Getty Images/iStockphoto
Algorithm Harmonizes EHR Data into ‘Macrovisits’ for Clinical Research
Researchers said the algorithm is a foundational step in quantifying EHR data heterogeneity and harmonizing data for clinical research.
Encounters are a heterogeneous component of EHR data, limiting the full potential of leveraging real-world data for clinical research, according to a study published in JAMIA.
Researchers demonstrated the successful use of an algorithm, in addition to common data model (CDM) harmonization, to aggregate and classify EHR visits generated from varied, site-specific operational rules into “macrovisits.”
The study leveraged encounter data from 75 partner sites harmonized to a common data model (CDM) as part of the NIH Researching COVID to Enhance Recovery Initiative, a project of the National Covid Cohort Collaborative (N3C).
The study found that atomic inpatient encounters data were widely disparate between sites regarding length of stay (LOS) and the number of CDM measurements per encounter.
After aggregating encounters to macrovisits, LOS and measurement variance declined. A subsequent algorithm to identify hospitalized macrovisits reduced data variability further.
The authors emphasized that a “macrovisit” differs from pre-existing clinical service aggregation methods such as bundles and care episodes.
Care bundles usually refer to linking care services for the same medical situation over various periods to support bundled payment models.
The researchers said care episodes may be short and discrete, like care following minor trauma, or long such as the long-term range of services for chronic conditions.
“In contrast to bundles and episodes, macrovisits are intended for the much more focused purpose of linking encounters together to fully represent the services experienced during a discrete hospitalization, very similarly to the intrinsic linking of encounters inside many EHR systems for actions such as facility billing,” they explained.
While the rule-based algorithms used in the study lack the “apparent dynamism of a machine learning-based approach,” they are key steps in quantifying EHR data heterogeneity and creating solutions to harmonize data, the authors said.
They noted that there is speculation around the need for this type of work due to the perception that these issues will be resolved through harmonization pipelines of CDMs or new interoperability paradigms, such as HL7 FHIR.
“FHIR accounts for the possibility of aggregating encounters with the partOf element in the Encounter resource,” the authors wrote. “However, because partOf is not a required field in FHIR, it remains to be seen what proportion of FHIR-ready sites will choose to use this element and how much variation will be seen in its use.”

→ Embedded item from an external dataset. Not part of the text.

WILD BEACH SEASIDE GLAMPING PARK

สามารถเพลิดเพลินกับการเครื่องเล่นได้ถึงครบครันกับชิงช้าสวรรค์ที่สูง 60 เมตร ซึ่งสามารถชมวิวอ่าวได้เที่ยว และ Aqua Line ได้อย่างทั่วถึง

“Similarly, the experience of working across N3C, the largest harmonized CDM repository in the country, has demonstrated that the CDM harmonization mechanisms currently in place are not sufficient to harmonize encounter data,” they added.

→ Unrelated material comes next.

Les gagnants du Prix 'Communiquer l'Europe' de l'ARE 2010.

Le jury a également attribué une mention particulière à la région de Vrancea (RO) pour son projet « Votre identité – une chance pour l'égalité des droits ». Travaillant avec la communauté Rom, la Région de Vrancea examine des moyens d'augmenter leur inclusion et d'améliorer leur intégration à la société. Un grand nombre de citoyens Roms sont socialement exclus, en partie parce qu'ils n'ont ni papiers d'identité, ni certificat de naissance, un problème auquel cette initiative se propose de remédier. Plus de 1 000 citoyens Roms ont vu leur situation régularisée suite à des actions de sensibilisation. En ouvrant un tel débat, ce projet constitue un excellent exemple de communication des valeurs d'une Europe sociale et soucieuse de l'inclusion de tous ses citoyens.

The authors explained that assessing encounter heterogeneity and methods to aggregate encounters into larger hospitalizations is important because leveraging raw visit data misleads many analyses.
For instance, using raw inpatient visits to identify hospitalizations in N3C data led to an undercounting of severe cases of COVID-19.
While it may be tempting to attempt to solve this issue at the source (the EHR), the authors said combining visits into macrovisits post hoc instead allows for more definitional flexibility for projects and research questions with different needs.
“Using a post hoc method, the ‘raw’ transactional visits are always available in the source data instead of destroyed in a transformation that may be upstream and opaque to the end user,” they wrote. “This also leaves room for multiple shared macrovisit-like algorithms to serve different use cases, which, for example, may wish to preserve differences between inpatient stays and extended holds in the emergency department.”
They also suggested it would be worthwhile to consider CDM schema extensions to facilitate loading hospitalization and hospital facility data and groupings that already exist in EHR platforms, such as the “account” concept in the Epic EHR.
“While these concepts are unlikely complete solutions to the visit issues described and would likely have their own heterogeneity both within and between sites, they offer a significantly more evolved and refined mechanism for dealing with hospitalizations from the EHR,” the study authors said.